The largest financing sizes occurred in infrastructure (median $112 million), mining and validation (median $83 million), and computing networks (median $70 million). These are not speculative tokens but infrastructure that supports validator networks, modular block space, and AI-aligned consensus systems; this foundational layer defines long-term blockchain investment strategies. The logic for investors is clear: support the underlying infrastructure and then rapidly grow the application layer.
Other prominent infrastructure areas include consumer infrastructure (median $11.7 million) and asset management (median $83 million). These categories sit at the intersection of infrastructure and user experience (UX), representing high-functionality products with technological depth and long-term composability.
On the other hand, developer tools once again attracted strong capital interest (91 investor transactions), but the financing amounts were relatively small. This is a familiar narrative for this long-tail, low capital expenditure industry. However, it remains a playground for early teams and those willing to participate in grants and token options games.
Financial services, entertainment, and markets achieved healthy transaction numbers and moderate median financing sizes (ranging from $6 million to $18 million), indicating stable and cautious investor attention. However, their transaction volumes are far from the levels seen in 2021-2022. Investors have not lost interest in consumer applications; they are just waiting for new products to emerge.
Q2 2025 Token Financing: Private and Public.
After a booming first quarter, token financing entered a calmer phase in the second quarter, but this shift seems more like a redistribution rather than a retreat.
Private token sales raised $410 million through just 15 transactions, with a median financing size of $29.3 million, the highest level since 2021. The growth of this high-value private allocation highlights the current financing environment in Web3: consistency and strategic partnerships are more important than hype.

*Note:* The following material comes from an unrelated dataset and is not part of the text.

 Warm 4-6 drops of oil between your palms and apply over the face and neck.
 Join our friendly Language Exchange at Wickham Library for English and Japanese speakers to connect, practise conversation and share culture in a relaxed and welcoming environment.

These are not meme coins driven by speculation or utility tokens disguised as agreements, but rather validator alliances, L2 treasuries, and modular rollup ecosystems quietly solidifying liquidity.
In contrast, public token sales have collapsed. Only 35 financings were completed, down from 112 in the first quarter, totaling just $134 million, with the median financing size halved. Even offerings popular with retail investors struggle to attract attention, with most trading volume concentrated in a few high-profile projects. Beyond that, market sentiment feels more like a wait-and-see stance rather than bearish, indicating a posture of waiting and observing rather than a full retreat.

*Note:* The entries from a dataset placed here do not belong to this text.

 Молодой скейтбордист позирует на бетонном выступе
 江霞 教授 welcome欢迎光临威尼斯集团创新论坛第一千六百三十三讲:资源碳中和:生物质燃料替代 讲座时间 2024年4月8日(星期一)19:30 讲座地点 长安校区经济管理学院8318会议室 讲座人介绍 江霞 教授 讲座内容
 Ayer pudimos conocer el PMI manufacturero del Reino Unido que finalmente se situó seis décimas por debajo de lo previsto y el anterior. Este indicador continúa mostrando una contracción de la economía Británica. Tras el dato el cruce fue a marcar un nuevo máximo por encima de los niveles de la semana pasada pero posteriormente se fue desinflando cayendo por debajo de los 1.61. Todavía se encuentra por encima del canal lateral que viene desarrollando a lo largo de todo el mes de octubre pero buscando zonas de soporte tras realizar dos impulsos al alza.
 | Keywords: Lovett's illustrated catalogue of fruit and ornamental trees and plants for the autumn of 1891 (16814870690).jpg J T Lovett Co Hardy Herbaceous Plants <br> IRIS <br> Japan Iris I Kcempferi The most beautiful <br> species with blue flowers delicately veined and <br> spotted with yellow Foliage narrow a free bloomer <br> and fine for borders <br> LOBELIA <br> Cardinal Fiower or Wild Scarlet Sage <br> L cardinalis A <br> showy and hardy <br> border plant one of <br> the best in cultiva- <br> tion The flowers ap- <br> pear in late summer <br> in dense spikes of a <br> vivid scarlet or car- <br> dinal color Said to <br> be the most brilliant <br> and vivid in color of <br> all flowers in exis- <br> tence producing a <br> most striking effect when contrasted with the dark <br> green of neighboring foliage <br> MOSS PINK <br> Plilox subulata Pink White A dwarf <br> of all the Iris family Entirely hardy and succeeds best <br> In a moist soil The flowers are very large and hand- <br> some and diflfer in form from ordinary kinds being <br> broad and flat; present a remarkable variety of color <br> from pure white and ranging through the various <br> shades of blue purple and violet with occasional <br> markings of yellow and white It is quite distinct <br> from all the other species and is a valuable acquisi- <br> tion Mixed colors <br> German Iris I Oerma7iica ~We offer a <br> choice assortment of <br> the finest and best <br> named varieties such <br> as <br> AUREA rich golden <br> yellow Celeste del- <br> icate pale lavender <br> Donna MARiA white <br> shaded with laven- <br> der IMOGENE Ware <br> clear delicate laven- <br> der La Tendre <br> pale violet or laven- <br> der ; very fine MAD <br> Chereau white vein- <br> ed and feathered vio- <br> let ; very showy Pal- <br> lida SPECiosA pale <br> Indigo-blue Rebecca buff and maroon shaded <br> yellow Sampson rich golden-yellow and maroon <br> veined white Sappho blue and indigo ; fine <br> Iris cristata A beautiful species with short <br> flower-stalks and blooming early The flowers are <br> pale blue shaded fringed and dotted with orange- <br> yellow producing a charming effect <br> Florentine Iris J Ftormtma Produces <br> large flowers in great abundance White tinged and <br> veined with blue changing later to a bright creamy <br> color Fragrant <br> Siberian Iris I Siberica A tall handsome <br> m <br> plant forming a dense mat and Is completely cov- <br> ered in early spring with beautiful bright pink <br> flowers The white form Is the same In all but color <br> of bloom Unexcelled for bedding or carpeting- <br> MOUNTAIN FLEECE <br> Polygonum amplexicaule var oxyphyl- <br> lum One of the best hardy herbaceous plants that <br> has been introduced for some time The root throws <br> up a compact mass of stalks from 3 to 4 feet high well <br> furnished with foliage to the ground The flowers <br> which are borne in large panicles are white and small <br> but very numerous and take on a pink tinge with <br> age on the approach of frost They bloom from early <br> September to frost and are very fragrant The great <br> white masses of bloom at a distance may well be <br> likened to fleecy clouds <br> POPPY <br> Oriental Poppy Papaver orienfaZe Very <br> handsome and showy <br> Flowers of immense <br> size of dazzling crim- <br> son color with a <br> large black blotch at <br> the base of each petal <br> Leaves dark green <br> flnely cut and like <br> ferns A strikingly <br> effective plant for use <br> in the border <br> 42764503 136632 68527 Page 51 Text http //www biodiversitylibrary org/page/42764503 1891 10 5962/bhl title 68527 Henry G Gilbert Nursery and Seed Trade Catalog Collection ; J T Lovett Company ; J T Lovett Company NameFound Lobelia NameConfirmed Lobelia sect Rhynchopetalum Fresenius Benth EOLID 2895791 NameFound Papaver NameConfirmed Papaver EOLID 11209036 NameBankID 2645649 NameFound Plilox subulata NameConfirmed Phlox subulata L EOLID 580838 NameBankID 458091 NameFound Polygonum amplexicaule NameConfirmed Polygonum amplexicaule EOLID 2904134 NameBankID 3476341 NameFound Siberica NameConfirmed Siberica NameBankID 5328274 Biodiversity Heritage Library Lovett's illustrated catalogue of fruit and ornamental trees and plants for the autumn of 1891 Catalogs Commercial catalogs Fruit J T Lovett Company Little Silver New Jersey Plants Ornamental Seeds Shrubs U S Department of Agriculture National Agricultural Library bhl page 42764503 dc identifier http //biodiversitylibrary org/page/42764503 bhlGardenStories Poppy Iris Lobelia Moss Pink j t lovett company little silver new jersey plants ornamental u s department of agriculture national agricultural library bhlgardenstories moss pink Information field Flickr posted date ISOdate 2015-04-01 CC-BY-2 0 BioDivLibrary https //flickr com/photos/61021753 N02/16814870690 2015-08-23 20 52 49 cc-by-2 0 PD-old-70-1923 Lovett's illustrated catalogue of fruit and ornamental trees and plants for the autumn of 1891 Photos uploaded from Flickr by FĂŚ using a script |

The divide between private and public sales continues the trend tracked since the end of 2023. Public token offerings surged when the market was hot, but private rounds reflect consistency rather than hype.
Summary
Investors are looking for clearer narratives, more solid infrastructure, and builders who know how to navigate this new financing environment.

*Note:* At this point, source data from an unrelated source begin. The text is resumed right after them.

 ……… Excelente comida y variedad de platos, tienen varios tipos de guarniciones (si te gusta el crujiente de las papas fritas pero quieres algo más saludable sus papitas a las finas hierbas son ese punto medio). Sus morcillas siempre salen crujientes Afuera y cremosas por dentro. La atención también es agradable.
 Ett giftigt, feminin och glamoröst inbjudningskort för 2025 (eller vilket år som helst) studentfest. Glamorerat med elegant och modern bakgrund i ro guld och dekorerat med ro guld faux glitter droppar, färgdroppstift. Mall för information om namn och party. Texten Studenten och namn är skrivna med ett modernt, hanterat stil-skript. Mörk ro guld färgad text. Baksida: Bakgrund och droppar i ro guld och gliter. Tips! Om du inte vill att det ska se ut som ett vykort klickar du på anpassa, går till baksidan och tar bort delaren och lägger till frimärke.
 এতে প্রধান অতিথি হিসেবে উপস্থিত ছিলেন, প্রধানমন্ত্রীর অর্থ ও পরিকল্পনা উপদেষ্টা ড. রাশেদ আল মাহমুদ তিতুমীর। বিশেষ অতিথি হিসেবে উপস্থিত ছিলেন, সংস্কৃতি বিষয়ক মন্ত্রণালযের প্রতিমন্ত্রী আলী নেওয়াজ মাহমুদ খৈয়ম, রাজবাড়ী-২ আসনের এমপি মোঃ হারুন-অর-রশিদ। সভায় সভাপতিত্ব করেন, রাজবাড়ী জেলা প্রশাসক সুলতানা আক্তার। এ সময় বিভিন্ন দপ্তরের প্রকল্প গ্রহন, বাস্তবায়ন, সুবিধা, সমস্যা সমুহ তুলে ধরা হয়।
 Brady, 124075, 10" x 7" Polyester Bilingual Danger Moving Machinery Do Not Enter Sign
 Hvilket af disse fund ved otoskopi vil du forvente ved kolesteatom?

If 2024 is a year of recovery and restructuring, then Q2 2025 feels like a year of silent execution.
Capital is flowing, but only to a few. Transaction flows are decreasing, but financing sizes are increasing. Infrastructure continues to win, not out of bias, but without any significant ideological shifts.
The road for founders has narrowed, but it is not unmanageable; early transactions are still occurring, and Series A financing has returned. As long as they align with strategic, scalable, and protocol-dependent goals, private tokens have regained a genuine seat at the negotiating table.
In short: we have exited the hype cycle of the entire market. This is a slow, pressurized climb, targeting those important infrastructures and enduring applications.
The conclusion is simple: this market does not need more hype cycles; it needs inevitability.